Professor Michael Patrick Feneley AM is an Australian cardiologist.

Medical career
Feneley has been the Director of Cardiology at St Vincent's Hospital, Sydney, since 1993. Other positions include as Director, Heart Lung Program since 2004, chairman, St Vincent's Medical Council 2003–2008, a board member of St Vincent's and Mater Health Sydney 2003-2008 and Director, Physician Training for over 5 years.

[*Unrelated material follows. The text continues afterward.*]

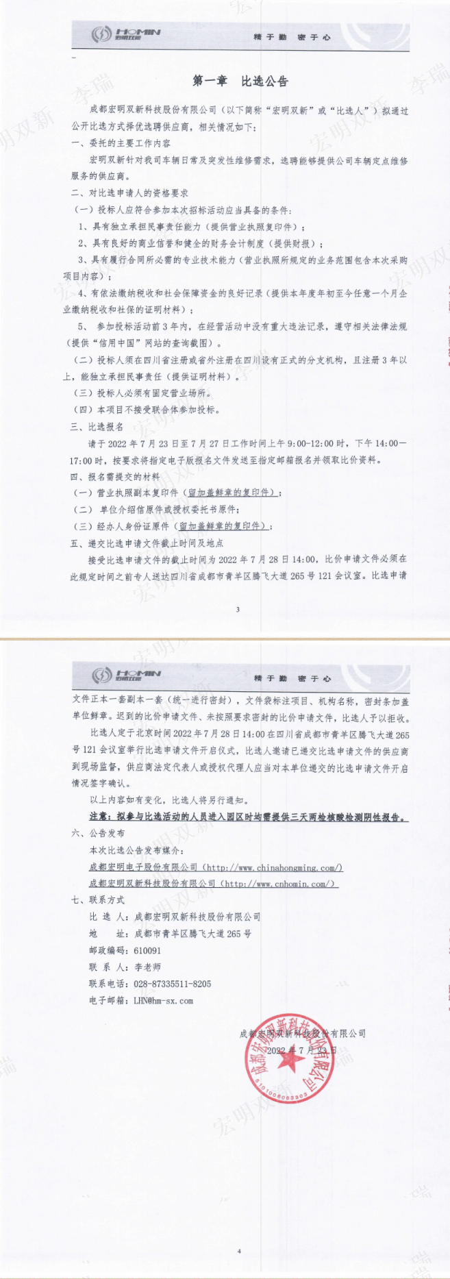 成都宏明双新科技股份有限公司广告印刷服务供应商采购活动公开比选公告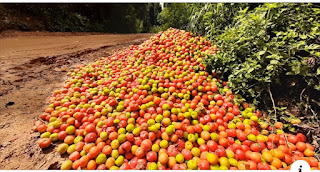 A foto ilustrativa é de autoria do G1 da Rede Globo, e mostra uma pilha de tomates lançada na margem de uma rodovia vicinal do estado de São Paulo e colocadas ali para provocar escassez e ter o preço aumentado.

Feneley's research altered the recommendations for the performance of manual cardiopulmonary resuscitation (CPR) and altered the management of patients with atrial fibrillation, the most common significant disturbance of heart rhythm.

Politics
Feneley stood as the Liberal Party candidate in the 2010 Australian federal election in the seat of Kingsford Smith. The seat has been held by Labor since it was created in 1949. He was defeated by the sitting Labor member and Environment Minister Peter Garrett, though he managed to slash eight points off the Labor margin, reducing it from a comfortably safe 63 percent to a marginal 55 percent.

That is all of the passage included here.